Als Catherine einen Mitarbeiter aus dem Heizungsraum entdeckte, der eine Zigarette rauchend an einem Fachwerkträger lehnte, entschied sie sich, wieder zurückzukehren. Sie hatte erreicht, wofür sie gekommen war, die Aussicht hatte ihre schlechte Laune über das Chaos auf der Brücke vertrieben. Der Heizer unterhielt sich mittlerweile mit einem der wenigen Passagiere auf dem Luftfrachter, einem Herrn mit Zylinder, der verglichen mit dem Rest der Besatzung unpassend reich wirkte. Gerade, als sie an den beiden vorbeischlenderte, verabschiedete sich der Heizer und schritt in Richtung des Maschinenraums von dannen.

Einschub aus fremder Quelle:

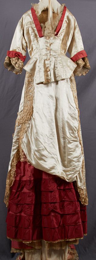 Green silk twill, calash style with four cane hoops; double, piped ruffle at brim, with drawstring of blue silk ribbon; gathered at center back oval panel inserted at center back; wide neck ruffle, quilted with horizontal bands, and lined with down; fully lined with green iridescent silk; narrow gre...
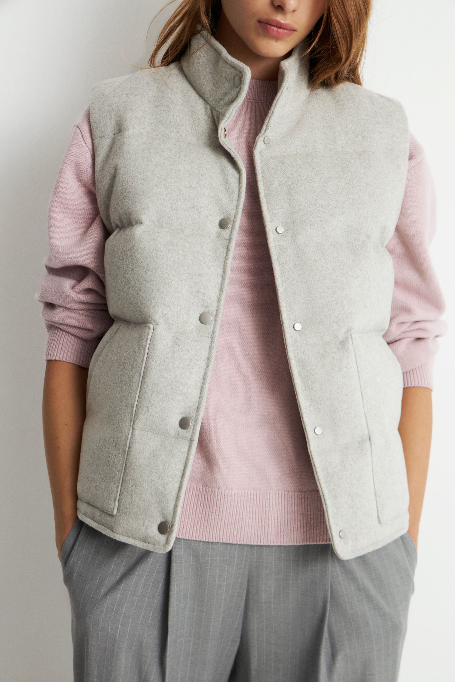 Regular fit quilted vest made of water-repellent fabric with 51% wool. High collar and sleeveless. Deep patch pockets at the hip and inner pocket detail. Interior filled with a mix of feather and down. Lined. Front snap-button closure. Keep you warm when the temperature < +5℃
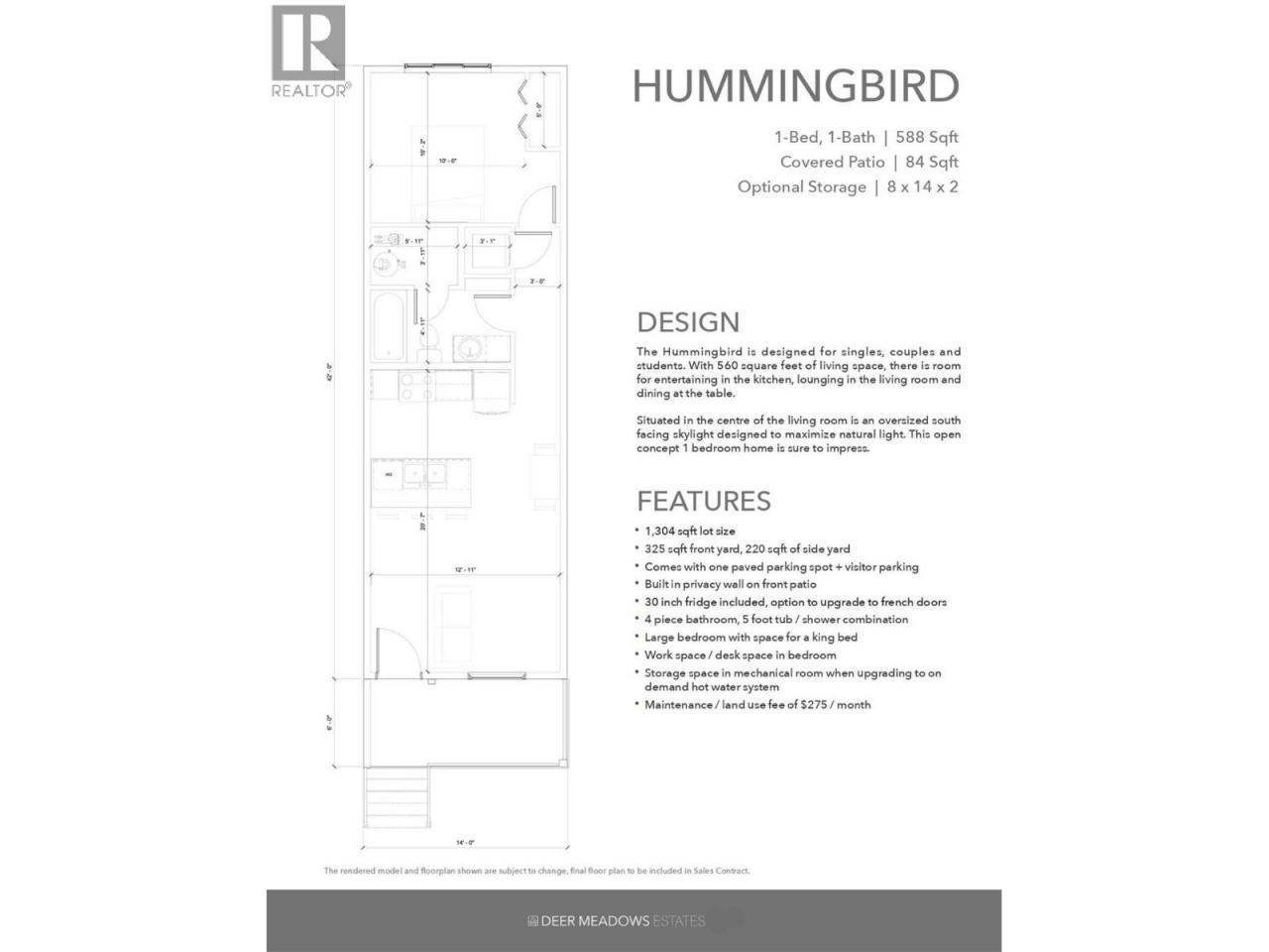 Welcome to Deer Meadows. Conveniently located just steps away from the Rail Trial where you are connected to Wood lake and the blue waters of Kalamalka lake with trail access spanning from Vernon to Kelowna. Deer Meadows is a quick 10 minute commute from the Airport and UBCO's Campus. Rentals and pets are allowed. This Hummingbird home is built by Woodland Crafted Homes and features a modern layout great for singles, couples and students. With 588 square feet of space, there is room for entertaining in the kitchen, lounging in the living room and dining at the table. Situated in the centre of the living room is an oversized south facing skylight designed to maximize natural light. This open concept 1 bedroom home is our base model comes with a fenced yard and is sure to impress! Many upgrades are available to customize this home to your needs. Enjoy every bit of sunshine that the Okanagan has to offer. SHORT TERM RENTALS PERMITTED. Schedule your appointment today! (id:6769)
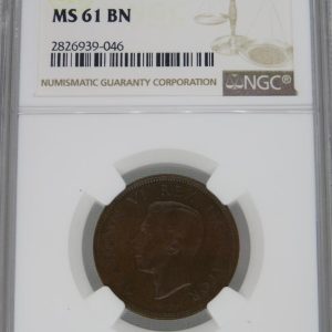 Lot 6: South Africa: Union George VI bronze half penny of 1941 MS 61 Brown NGC.
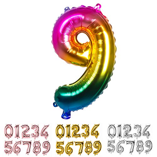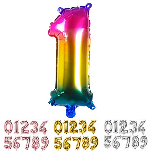 Boland - Folieballong, nummer, storlek 36 cm, regnbågsfärger, nummerballong, nummer, ballong, helium, födelsedag, årsdag, årsdag, årsdag, år, år, år, överraskningsfest, dekoration
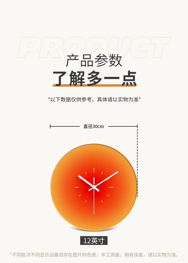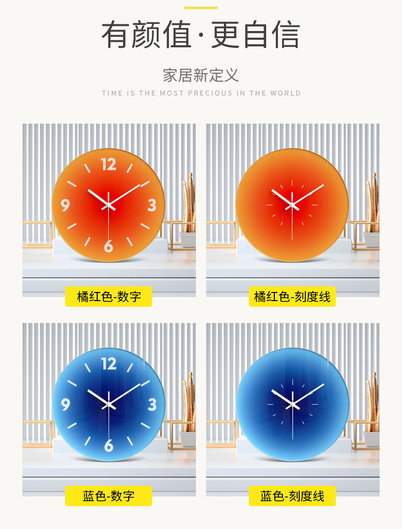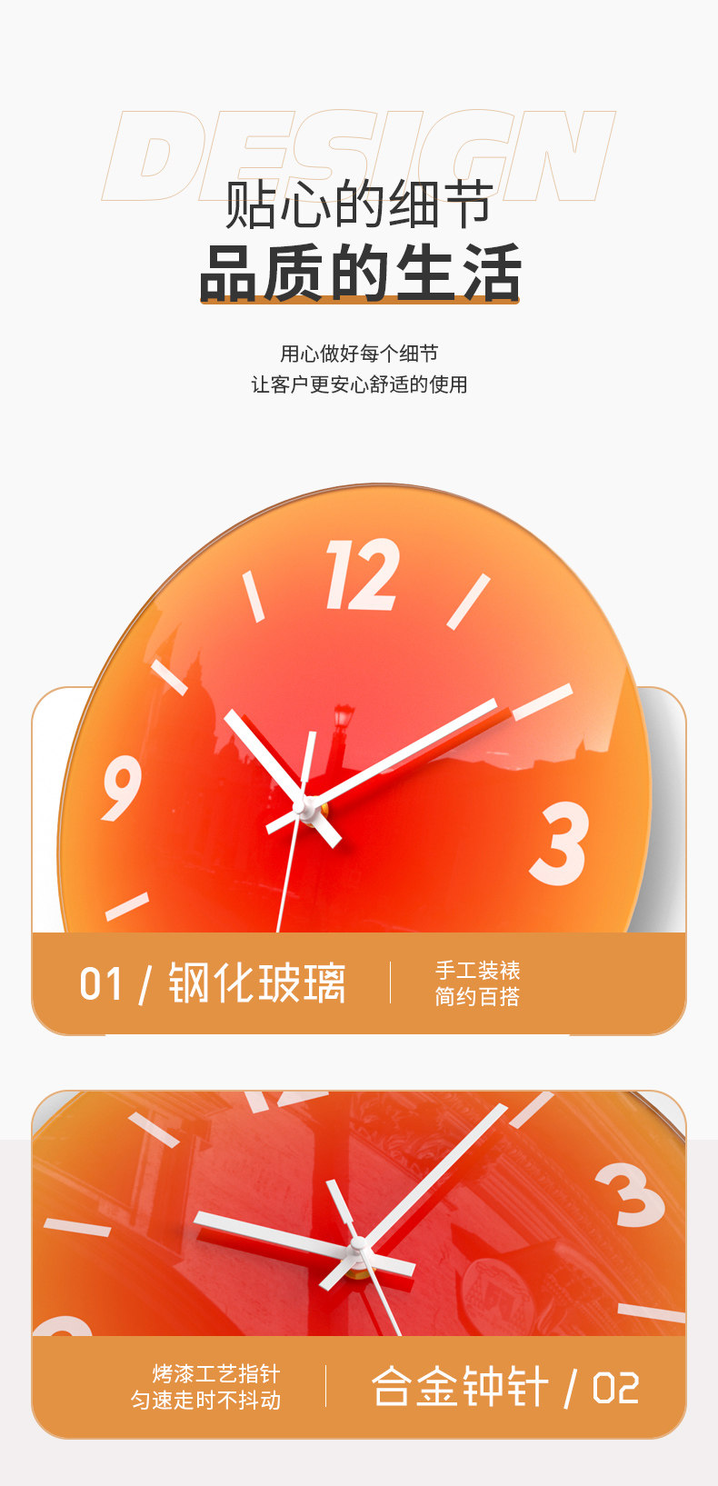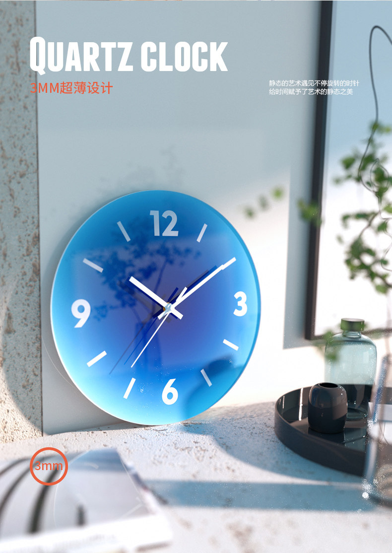 Internet-Famous Wall Clock, Living Room Clock, Creative and Stylish Clock, Home Art Silent Glass Clock, Sunset Simple Quartz Clock
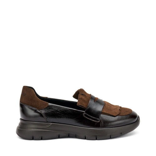 Frau - Mocassino donna in pelle e camoscio marrone.
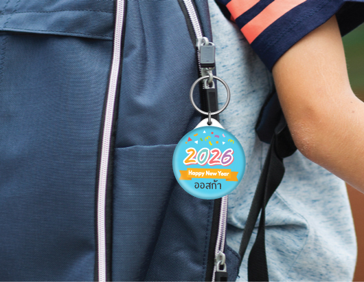 ป้ายห้อยกระเป๋าวงกลมของเราถูกออกแบบมาเพื่อใช้ติดกระเป๋าใบโปรดของน้องๆ ไม่ว่าจะเป็นกระเป๋านักเรียน กระเป๋ากีฬา หรือ กระเป๋าเดินทาง เพื่อช่วยให้เด็กสามารถจดจำกระเป๋าของตนเองได้ง่ายและแก้ปัญหากระเป๋าหายหรือสลับกันกับเพื่อน ป้ายห้อยกระเป๋าของเราเป็นพวงกุญแจรูปวงกลมขนาด 58มม.ผลิตจากพลาสติกที่มีคุณภาพสูง มีรูปแบบให้เลือกมากมาย สีสันสดใส และสามารถพิมพ์ชื่อของเด็กๆลงไปได้เลย
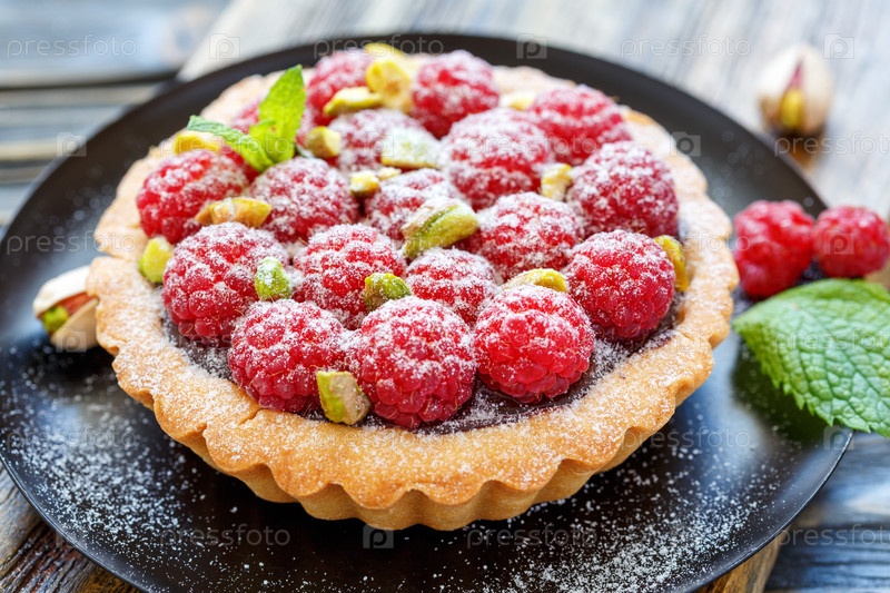 Торт с шоколадом, фисташками и свежей малиной

„Madam“, grüßte der Passagier und hob seinen Zylinder, ehe er umständlich seine Pfeife ansteckte. „Leider weiß ich Ihren Rang nicht, um sie standesgemäß zu grüßen.“
Catherine schmunzelte über den für sie ungewohnten Umgangston. „Exfrau des Captains, Sir. Nun ja, eigentlich Captain, seit der vorherige Captain betrunken sein Schiff verspielt hat.“
„Captain.“ Der Fremde hob erneut seinen Zylinder. „In dem Falle danke ich Ihnen für die sichere Reise.“ Er lächelte sie ein Weilchen zu lange höflich an, zuckte zusammen und meinte schließlich: „Du meine Güte, wo bleiben meine Manieren? Baron von Wulfenhausen, zu Ihren Diensten.“
„Catherine“, entgegnete sie, seinen Knicks erwidernd. „Was verschlägt einen Edelmann auf ein Schiff wie dieses?“
„Ich reise nach Hause“, erklärte der Baron, einen Zug von seiner Pfeife nehmend. „Und sind wir mal ehrlich, Überfahrten auf Edelzeppelinen sind langweilig. Hier geht es erquickender zu und her.“
„Wenn Sie meine zankende Familie als erquickend bezeichnen wollen, Baron“, scherzte Catherine und wischte sich eine Haarsträhne, die ihr der Wind ins Gesicht blies, weg. Erstaunt fragte ihr Gegenüber: „Wie das? Wird das Luftschiff von Ihrer Familie betrieben?“
„Mehr oder weniger“, lachte Catherine. „Mein Cousin ist der Chefheizer, mein Halbbruder der Maschinist, mein Großonkel der …“ Sie machte eine Pause. „Na ja, der sitzt im Schaukelstuhl auf dem oberen Deck und füttert die Vögel. Ausschließlich mein Bruder hat einen anderen Lebenswandel gewählt, er ist jetzt Arzt in der Stadt.“ Vage deutete sie in die sie Flugrichtung. „Irgendwann kehrt auch er zurück und wird Familienarzt an Bord.“
Der Baron gluckste, wie nur ein Mann, der seinen Schnurrbart liebt, glucksen konnte. „Ich sehe schon, Sie haben fürwahr ein Familienimperium aufgebaut, und …“
„Freibeuter!“, ertönte ein Ruf von der Brücke und Catherine fuhr zusammen. Tatsächlich tauchte ein schwarzer Zeppelin an ihrer Steuerbordseite aus dem Wolkenmeer auf und hielt direkt auf sie zu. Entschlossen spurtete sie zur Treppe – der kuriose Baron war verschwunden, vermutlich, um sich in seiner Kabine zu verstecken. Sie konnte es ihm nicht verübeln, entweder, man war für die Lüfte gemacht oder nicht, dachte sie sich. Sie hob den Rock und hastete die Stufen zum Kommandodeck hoch. Ein Kampf stand bevor, daran hatte sie keinen Zweifel – es wäre weder ihr erster, noch beabsichtigte sie, dass es ihr letzter würde.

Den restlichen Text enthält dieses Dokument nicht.